The basic idea is to have a collection of benchmarks that actually represent stuff that matters (is valuable to improve, is not allowed to regress) and automatically compare each PR to the master branch. See example results at the top of any CI test result on the repo e.g. https://gist.github.com/SnabbBot/1958aae01fe2be9897a6

One challenge for us is that realistic tests often are fairly involved: start a load generator on a 10G NIC, start a Snabb application with a particular configuration on another NIC that is directly cabled, start a virtual machine in a particular QEMU version and running a particular OS, and then see how fast packets can be moved through the whole chain. Ideally we would like to test quite a few permutations of such setups. The solution we are testing - and so far looks very promising - is to use Docker to capture this whole environment in a container that can easily be deployed to new machines.

eugeneia commented 8 years ago

@tokenrove I hear you! Will let you know once I do a write up. :)

tokenrove commented 8 years ago

@eugeneia @lukego Great! I find it's really hard to do this without either lots of intermittent failures or enough wiggle room that small regressions aren't notice until they build up.

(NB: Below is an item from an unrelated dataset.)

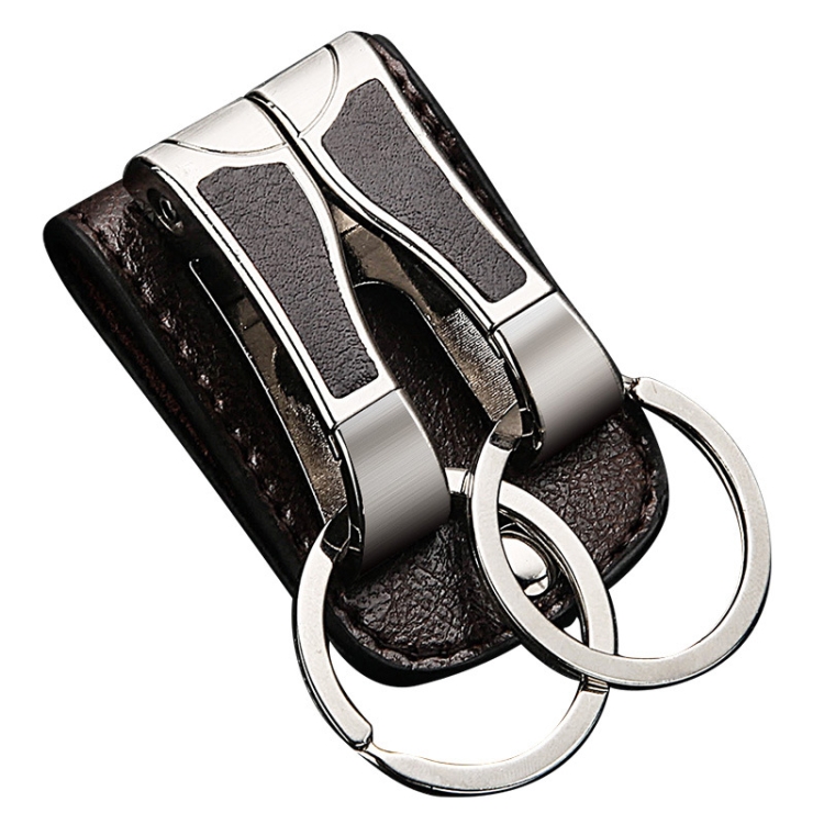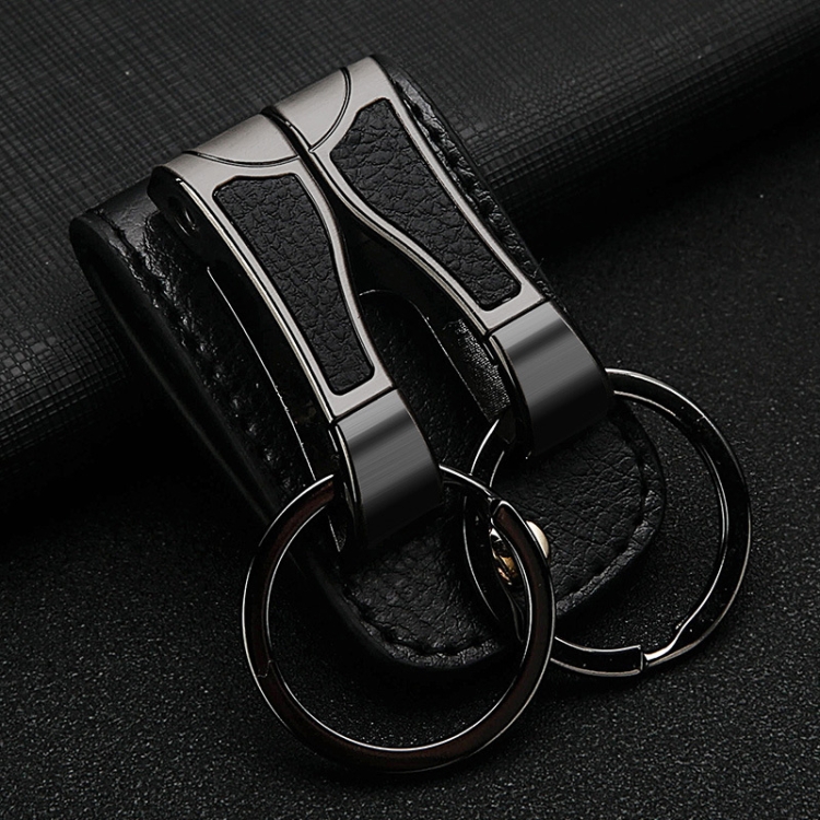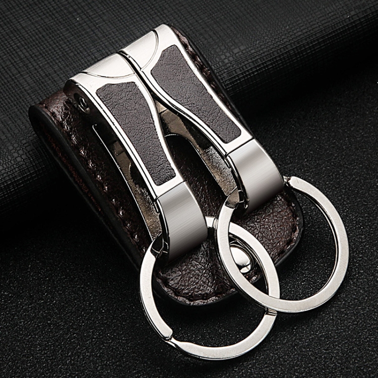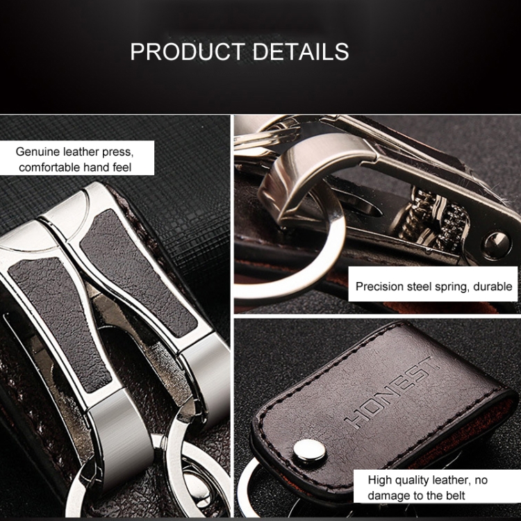 HONEST Cowhide Double Ring Keychain Waist Hanging Car Key Pendant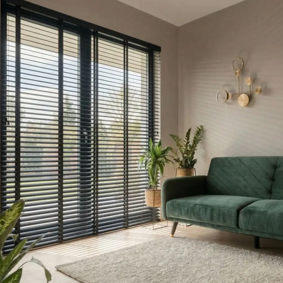 - Creëer direct een stijlvolle en knusse sfeer in huis met deze prachtige zwarte jaloezie, een echte eyecatcher.

What I'm really interested in is a system like proposed in Mostafa and Krintz's paper "Tracking Performance Across Software Revisions" or Kalbarczyk et al.'s "Analyzing Performance Differences between Multiple Code Versions" (and related literature) but they seem like massive overkill for most projects where hand-written benchmarks can serve the same purpose.

@DRMacIver Thanks, it's always useful to see what people are using in practice!

eugeneia commented 8 years ago

@tokenrove @lukego I finally wrote about Continuous Integration for Snabb Switch on my blog. :wink: Is it telling?

tokenrove commented 8 years ago

@eugeneia Thanks!

lukego commented 8 years ago

@eugeneia Awesome!!